* [Your task]:
Copy each line below exactly and leave the pictures out.

* [Stored data]:
----
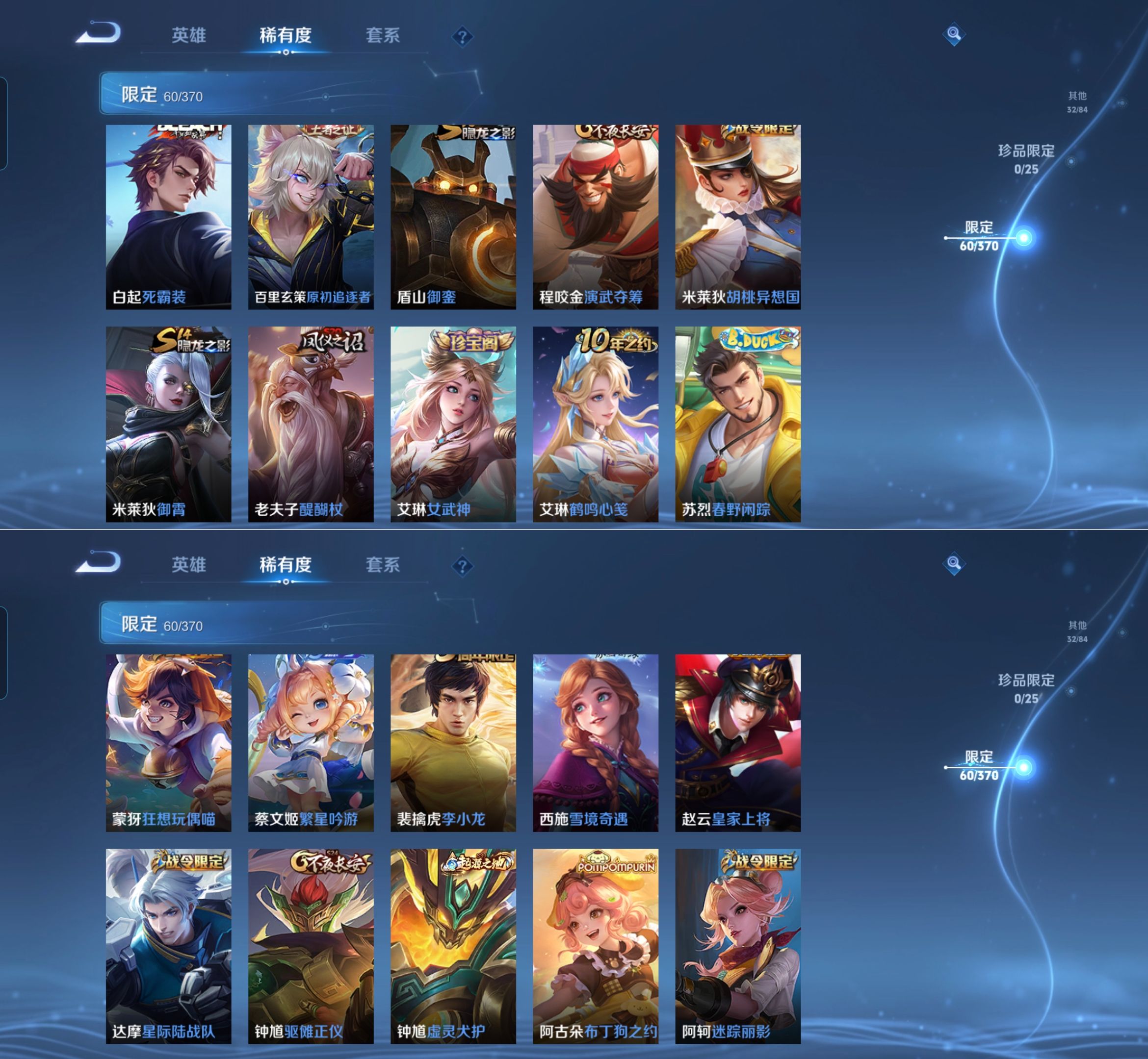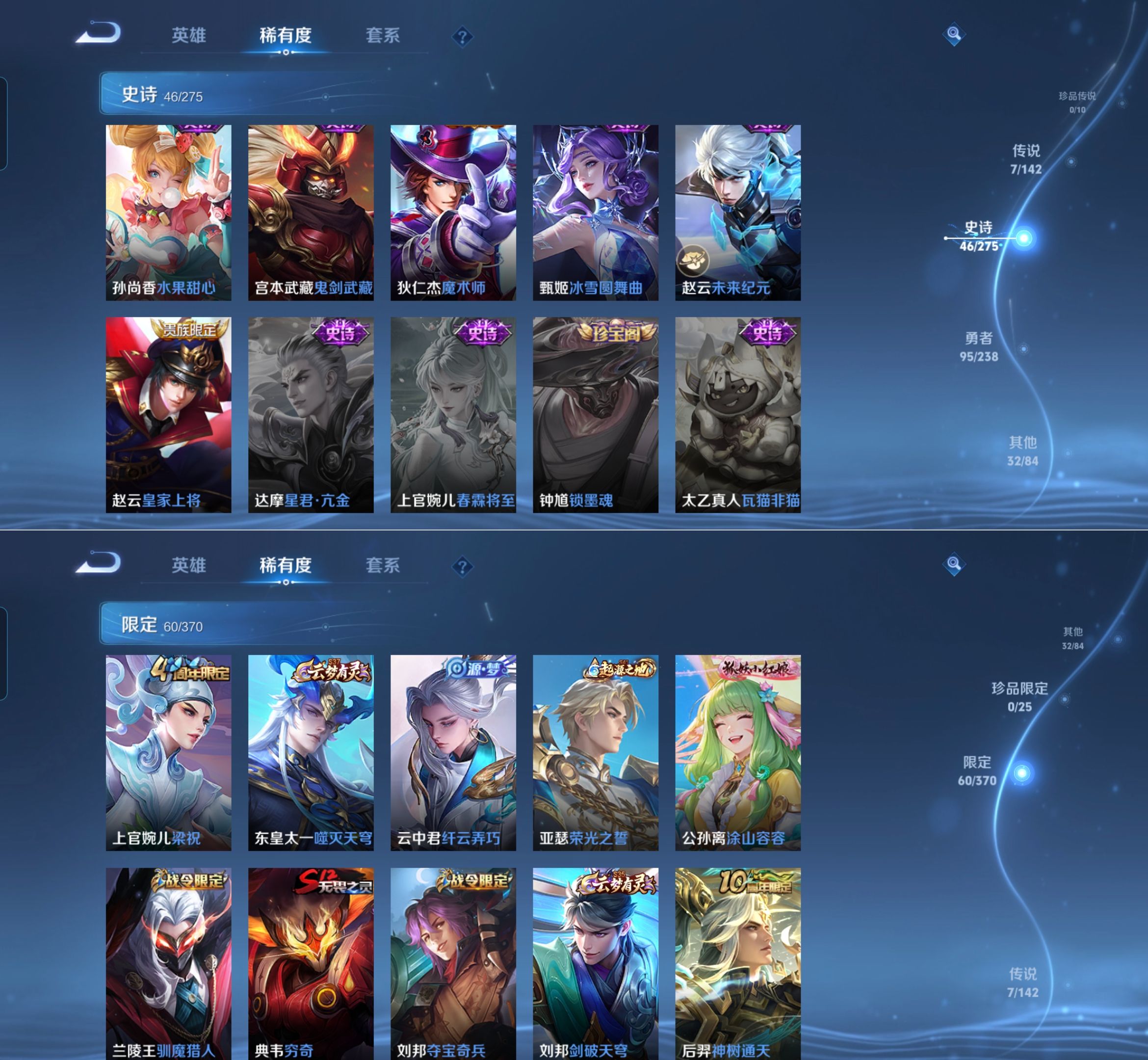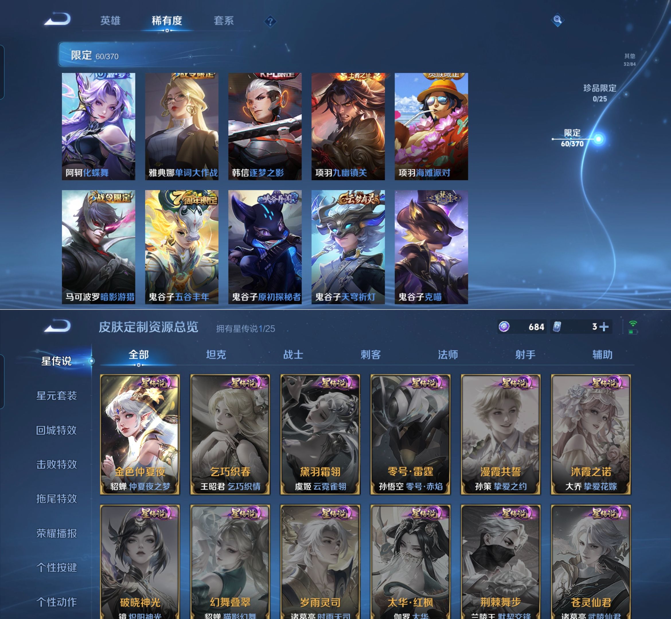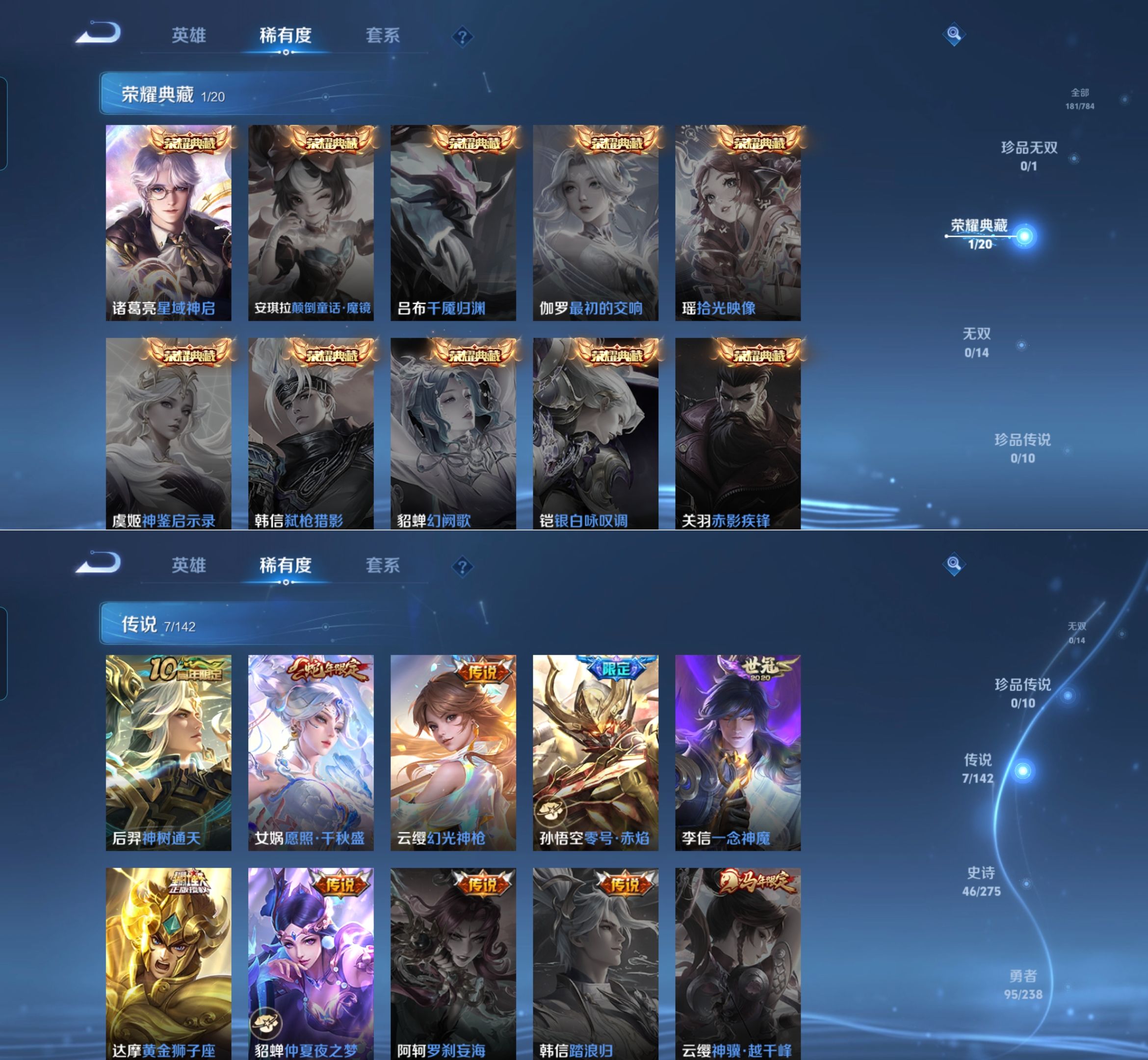 贵族等级:v6皮肤数:181传说品质7 荣耀典藏1 情人节限定1 生肖限定1 英雄数:127
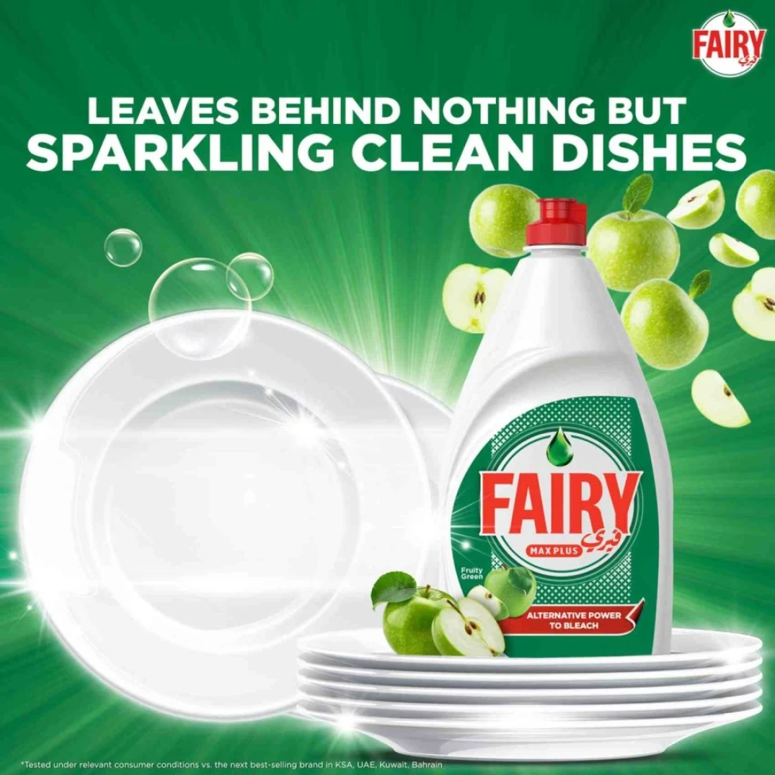 Fairy Max Plus Fruity Green Dishwashing Liquid Soap With Alternative Power To Bleach 1.25L
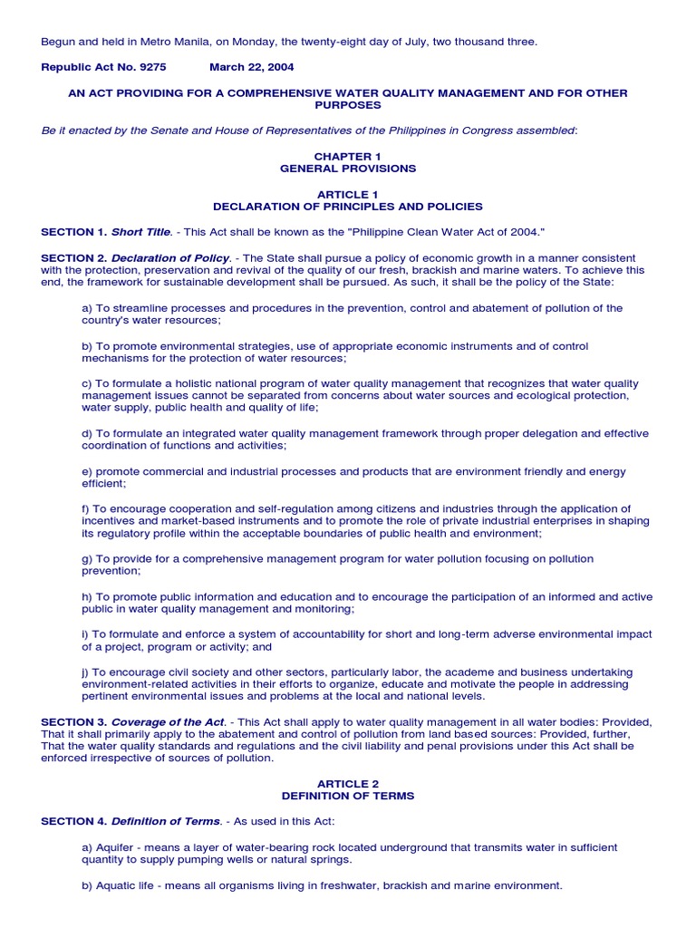 SECTION 1. Short Title. - This Act shall be known as the "Philippine Clean Water Act of 2004."
----
* [Exercise result]:
 贵族等级:v6皮肤数:181传说品质7 荣耀典藏1 情人节限定1 生肖限定1 英雄数:127
 Fairy Max Plus Fruity Green Dishwashing Liquid Soap With Alternative Power To Bleach 1.25L
 SECTION 1. Short Title. - This Act shall be known as the "Philippine Clean Water Act of 2004."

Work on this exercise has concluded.